Europe attacks Brussels Belgium 2016
Brussels is the latest European city to be targeted by Islamists google maps

The deadly attacks in Brussels in which at least 34 people have been killed are the latest in a growing list of attacks carried out by Islamists on European soil. Madrid, London, Paris, Copenhagen – Europeans could be forgiven for wondering where the terrorists will strike next.

However it's worth putting today's attacks into perspective. Since the attack on Madrid's rail network in 2004 killed 191 people – still the deadliest attack in Europe in recent times – some 440 people have been killed in major Islamist attacks, as well as many of the terrorists who carried them out.

Of course, Islamists are not the only ones using Europe's population as a soft target for their religious and political frustrations.
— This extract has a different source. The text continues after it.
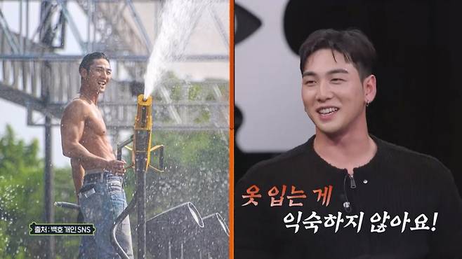 지난 여름 화제가 된 '조각 몸매' 사진들이 언급되자, 백호는 "옷 입은 게 익숙하지 않다"며 스튜디오를 달궜다. 데프콘은 "거의 헐벗고 있더라"며 페스티벌 남신으로 자리매김한 백호의 후끈한 사진들에 감탄했다.

In 2011, far-right extremist Anders Breivik killed 77 people, many of them teenagers, in what he claimed was a statement against the evils of multiculturalism.

The murder of prison officer Adrian Ismay in Northern Ireland on 4 March was the latest in a sporadic series of attacks carried out by maverick Republicans since the signing of the Good Friday Agreement in 1998. It's worth recalling that during the 30 years of "The Troubles" some 3,600 people were killed, mostly in Northern Ireland.

neo-fascists Italy Bologna railway bombing
Aftermath of the 1980 Bologna railway bombing, which killed 85 people AFP/Getty Images

Back in Spain, the Basque separatist group ETA killed around 800 people before its ceasefire in 2011. Since the dark days of World War II, in which millions died across Europe and around the world, there have been other atrocities and campaigns, including the Bologna train station bombing of 1980, the downing of Flight 103 over Lockerbie and the activities of the Baader-Meinhof Group, not to mention the civil wars in the former Yugoslavia and The Ukraine or the Cold War.

None of this is to diminish the horrific events which took place in Brussels today (22 March 2016), but a reminder that Europe has experienced many dark days in its history, and has faced far more implacable foes than Isis.

As the media plays out footage of today's despicable attacks, the pro and anti-Europe camps try to work out how to use the attacks to their advantage, and politicians demand ever-greater surveillance, security, restriction of movement, it's worth reminding ourselves that people living in Europe probably live in the safest place and at the safest time in recorded history. Even if sometimes it doesn't feel that way.